El otro día salió en internet que en El pensamiento quedan solamente cuatro familias, la de un ex mecánico y dos jubilados. Si sigue así va a desaparecer. Pero está entero, pujante en el libro de Aira, que ya escribió más de cien.

Yo encontré mi amor preceptor en Germán García a quienes le dieron en esta misma casa el Honoris Causa del que tenía un orgullo tal que persiguió a sus amigos de la UBA, que Córdoba era la más antigua, que las baldosas, que primero los jesuitas, que Juan José Paso…

Publiqué en Literal, la revista que él había fundado con Luis Gusman –más otros nombres que se alternaban por períodos–, lo primero que escribí como ficción: era un texto llamado La asunción. Lo firmaba “Cristina Forero”.  “Es la asunción de tu nombre y de la literatura” dijo German. Así me fundaba un porvenir. Me gustaba esa revista que hacía suyo el axioma de que en literatura la sangre sólo sirve para hacer morcillas, alejándose del almabellismo de la literatura comprometida. Mientras tanto hice un curso sobre Lacan con él. Si mal no recuerdo, el primero que armó.

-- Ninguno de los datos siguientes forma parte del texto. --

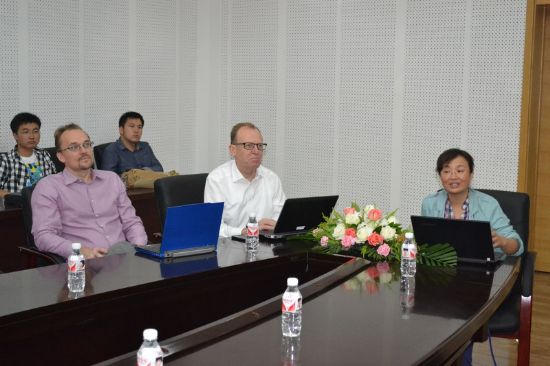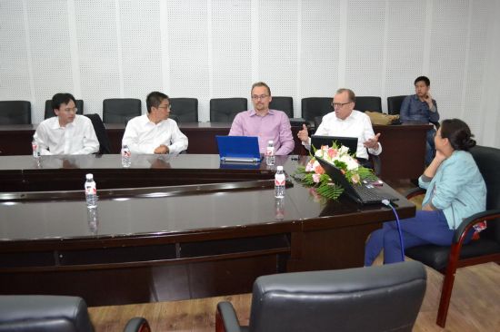 9月22日上午,公司首席学术顾问、哈尔滨-奥胡斯多尺度界面化学与工程国际中心荣誉主任弗莱明·贝森巴赫教授一行在新活动中心334与化工公司副经理杨春晖教授、陈大发教授等师生进行了座谈交流。 交流会上,杨经理介绍了化工公司近期的仪器采购清单和位于江北高科技园区的在建实验室,体现了化工公司现有科研硬件水平。还列举了化工公司师生近期在高水平期刊上发表的文章,并以新能源合作和石墨开发利用为例,介绍了公司的政产学研项目。会议上,几位教授还对在校PHD培养计划的制定,未来实验室具体细节以及目前公司所执行的重大项目进行了着重的讨论,弗莱明教授提出了很多中肯良好的建议。在热烈的会谈气氛中,弗莱明教授对目前化工公司所取得的成绩表示了肯定,并对公司和中心的未来发展充满了憧憬。

Recuerdo en cambio su manera de enseñar concentrando todo en el mismo gesto: leer, pensar, enseñar, publicar. Cuando la sangre se derramó cada vez con más fuerza de las morcillas para dejar de ser metáfora, llovieron sobre los lacaneanos ciertas acusaciones: la de sustraer los cuerpos a la política para invertirlos en instituciones obedientes, colonizadas por el barroco e irresponsable, por el buceo en el inconsciente, de interpretar la historia en términos burgueses e inocuos (¿cómplices de los verdugos?) del complejo de Edipo. Ojalá el lacanismo estudioso y analizante hubiera tenido la capacidad de sustraer cuerpos a la muerte para ponerlos a reflexionar sobre el goce.

Los grupos de estudio de las obras de Lacan que hizo Germán García, al principio, en unas oficinas de Fogwill, fueron de los tantos actos de resistencia civil durante la dictadura. Allí se podía interrogar lo que la política había puesto entre paréntesis –su vínculo con la subjetividad y el deseo. Pasaron por ahí Eduardo Grüner, Omar Chaban, Emeterio Cerro, Eduardo Fernández, destinos bifurcados con la memoria de esa voz siempre firme aunque belicosa. El amor preceptor es el del semejante con un más de experiencia en saberes imbenditos. Puede ser el de quien pasa los primeros libros prohibidos, el que sabe leer en nuestro deseo y predica con el contra ejemplo, como la querida Lohana Berkins, desaforida travestiarca, o con José Sbarra sus noches y su plástico cruel. No transmite autoridad como el maestro. O la autoridad rompe sus propios términos “La práctica de autoridad –dice la feminista María Luisa Muraro– consiste en que una persona «hace crecer» a otra con los conocimientos que posee pero, a diferencia del poder, la autoridad no se impone, se reconoce. La persona interesada es quien tiene que reconocer la autoridad, no se puede imponer ni obligar, debe surgir libremente”. La autoridad,  es relacional , entre nos y no entre vos y yo-yo.

El amor preceptor no se sublima se vive, se toca, se acaricia. Puede estar en la institución pero viviéndolo como fuera de esta. Y ahora termino de improvisar. Váyanse si es que ya no se han ido, Y antes de compartir en la marcha el “no al veto” besen a quien no se atreven todavía a llamar “preceptor” –esa palabra tan antigua– pero sí “amor”. Y otra vez GRACIAS, MUCHAS GRACIAS.